▶ _Task instructions_
No picture belongs in the copy. Repeat each line below exactly.

▶ _Supplied data_
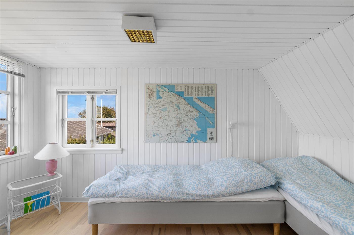 Der er i alt 2 soveværelser. Sovepladserne fordeler sig på: 2 sovepladser i dobbeltseng. 2 sovepladser i enkeltsenge.1 soveplads i køjeseng. 2 sovepladser i sovesofa (dobbelt). 2 af disse sovepladser befinder sig i stuen.
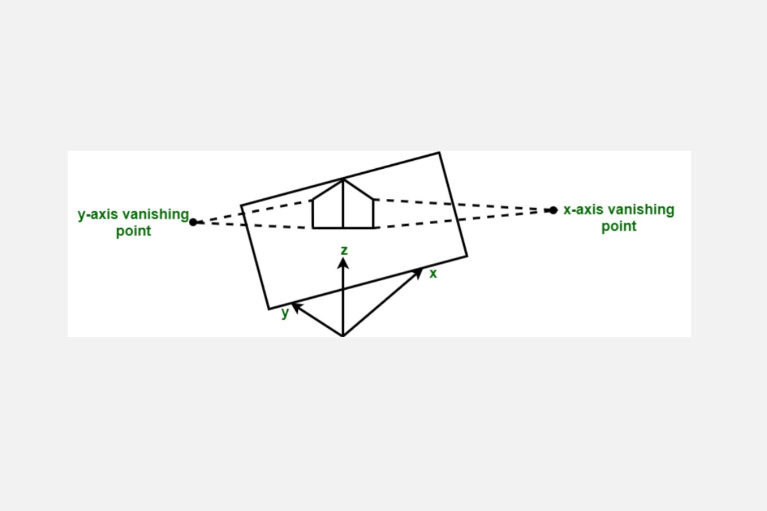 - More complex, involves vanishing points.
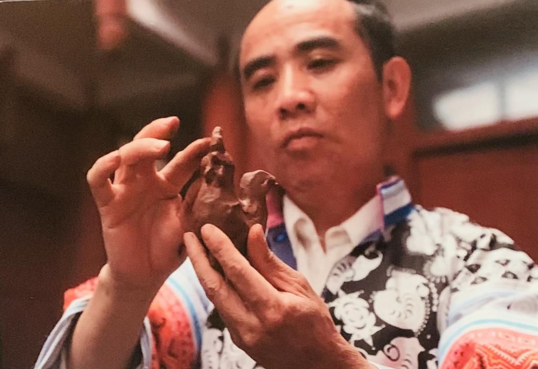 黄平县旧州镇泥哨传承人陈应坤在制作泥哨(许觊佳摄于贵州省博物馆)

▶ _Solution to this exercise_
 Der er i alt 2 soveværelser. Sovepladserne fordeler sig på: 2 sovepladser i dobbeltseng. 2 sovepladser i enkeltsenge.1 soveplads i køjeseng. 2 sovepladser i sovesofa (dobbelt). 2 af disse sovepladser befinder sig i stuen.
 - More complex, involves vanishing points.
 黄平县旧州镇泥哨传承人陈应坤在制作泥哨(许觊佳摄于贵州省博物馆)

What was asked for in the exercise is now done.